To understand data mining, it can be helpful to think about it in the context of impedance with scientific and statistical cultures.
Much of data mining is about leveraging existing data to make useful predictions. It is different from conventional statistical prediction because data miners don't care much about parsimony, so they don't care about covariance. Where two or more variables have similar predictive qualities (i.e. contain equivalent information), a statistician will endeavour to chose the better of two covariant parameters for their model. A data miner will happily bung them both in if together they improve its predictive power even slightly. This is because statisticians think good predictive models are ones that both predict well and hint at the underlying causalities. A data miner doesn't care about anything except good prediction (for example; what's going to be the most profitable / least risky way to spend my limited resource). That's why data miners are happy with complicated but effective neural nets, but they can creep statisticians out. The universe might be mathematical, but mother nature is a data miner, not a statistician.
Data Mining is an appied science; The machine learning branch of computer science underpins it.
I do data mining for a living and I find the above description of data mining offensive, hallucinogenic, erroneous, and ludicrous. Data mining just involves studying and republishing data that was already here. It can involve complicated techniques to extract data, since the data is not usually in very structured form. Scientists tend to want to study new theories (or existing theories) about the universe, while data miners tend to mine data that came from humans. For example, a data miner does not go around mining information from camels and elephants mouths - instead data miners tend to focus on a branch of human information statistics. Examples are mining data from streams of text, phone calls, banking transactions, internet websites, encyclopedias, books (optical character recognition ), etc.
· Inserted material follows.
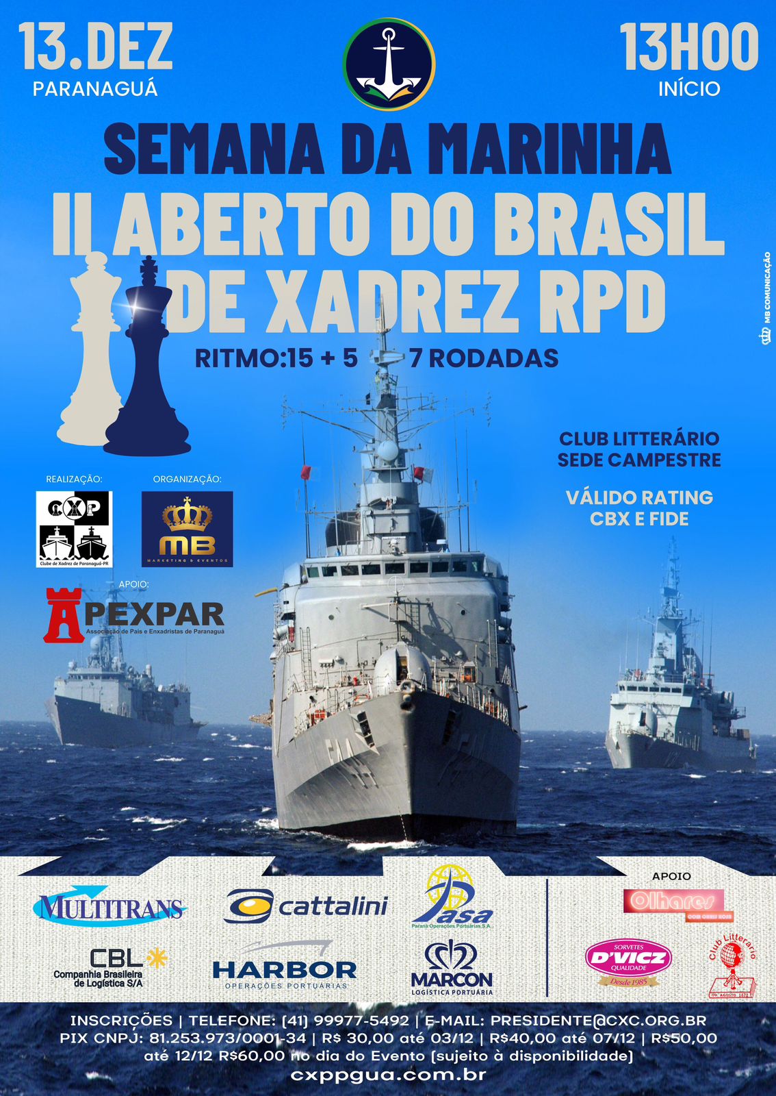 O torneio é uma realização do Clube de Xadrez de Paranaguá e conta com organização da Agência MB Marketing. A programação é aberta ao público, que está convidado a prestigiar e acompanhar de perto as disputas.

Therefore some data mining is simply a form of analysis (sometimes very statistical) on information - and is not a black magic. All statistics are not fool proof and contain estimations and possible errors - data mining is no exception. Some data mining involves republishing data, combined with statistical analysis. For example a search engine data mines and then republishes a small summary of the original data (existing copyrighted content). None of this is creepy - data mining is just humans analyzing and republishing data that was already there, in a different form.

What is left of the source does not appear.